Sunday, May 24, 2009

Ghosts of Girlfriends Past




Cast: Matthew McConaughey, Jennifer Garner, Michael Douglas, Breckin Meyer, Lacey Chabert
Director: Mark S. Waters
Genres: Romantic Comedy, Fantasy Comedy, Comedy

A bachelor goes to his younger brother's wedding, where he is visited by the ghosts of his past girlfriends.




Ghosts of Girlfriends PastCritic Reviews: Claudia Puig

Ghosts of Girlfriends Past probably won't scare up many laughs. Nor will it make you long for past or future loves. It just makes you yearn for Matthew McConaughey to wipe that smirk off his face.

Ghosts can't make up its mind whether it wants to be a racy raunchfest or a sentimental celebration of soul mates. So it ends up being a sappy, sleazy hybrid.

McConaughey reprises his cocky "player" persona to limited comic success. The lasting image after seeing it is his blindingly white teeth.

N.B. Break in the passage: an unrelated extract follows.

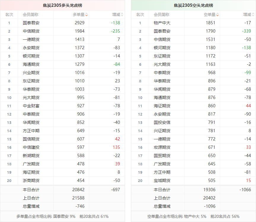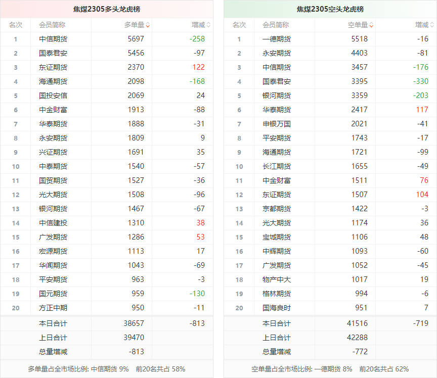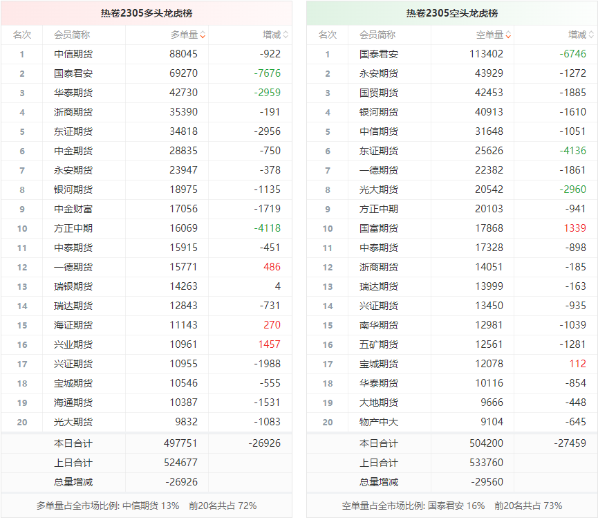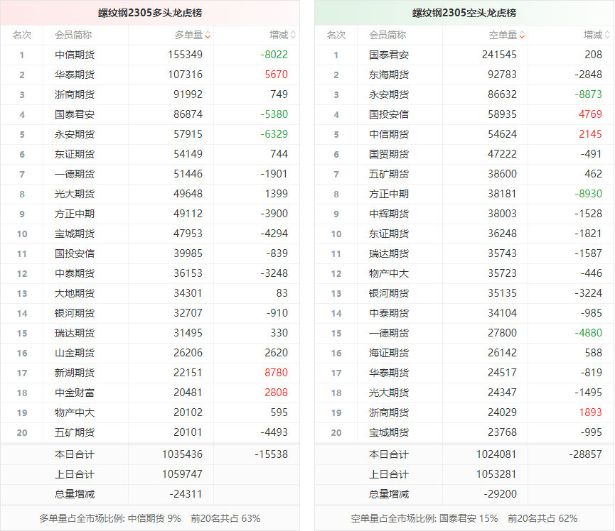 截至3月17日收盘,螺纹钢2305收4262/吨,涨0.16%;热卷2305收4359/吨,涨0.05%;铁矿石2305收915元/吨,涨0.44%;焦炭2305收2784.5/吨,跌0.04%;焦煤2305收1874.5元/吨,跌0.37%。 螺纹钢2305合约前20席位多单减仓15538手至103.5万余手,空单减仓28857手至102.4万余手。其中,方正中期期货多单减持3900手,空单减持8930手,整体呈净多10931手。 各品种具体如下: ![]() (来源:东方财富期货PC端) 各品种持仓情况具体如下: ![]() ![]() ![]() ![]() ![]() (文章来源:东方财富研究中心) (责任编辑:admin) |

The formulaic story evaporates faster than cotton candy, and it's often as cloyingly sweet and tacky.

Womanizing photographer Connor Mead is the sort of guy you'd warn your sister, daughter or best friend about. His relationships often last only minutes, and he has several going on at once. He has been known to break up via conference call and "in bulk" seconds before setting up his next date.

In contrast, his brother Paul (Breckin Meyer) is the settling-down type. He's about to marry Sandra (Lacey Chabert), and Connor is his best man. Returning to their childhood home brings memories flooding back for Connor. One that looms large is his affection for his childhood friend Jenny (Jennifer Garner). But while he's being rakish, cynical about marriage and generally putting a damper on the pre-wedding festivities, he is visited by the ghost of his Uncle Wayne (Michael Douglas), a hard-partying playboy who taught Connor everything he knows. Douglas' sunglasses-wearing cad is one of the movie's few highlights, along with Emma Stone as the ghost of Connor's first girlfriend.

From his initial encounter with his deceased uncle, Connor visits old and present girlfriends and gets a glimpse of his future in a gimmicky mangling of A Christmas Carol. Jennifer Garner is low-key and appealing, but she's not given enough to do and deserves better material. So funny and endearing as a romantic lead in 13 Going on 30, Garner is mismatched here and lacks chemistry with McConaughey. Ghosts' focus is Connor's unconvincing redemption and transformation from love Scrooge to good guy. Garner's character seems almost incidental.

McConaughey's laid-back style and Texas drawl is meant to be charming and likable, but he comes across smug and unsympathetic. The role isn't much different from every other one he has done (except for his turn in Tropic Thunder, his funniest to date).

The story is hackneyed and tiresome, bouncing from one witless and wince-inducing situation to another. There's little romance or comedy in this predictable and leaden rom-com.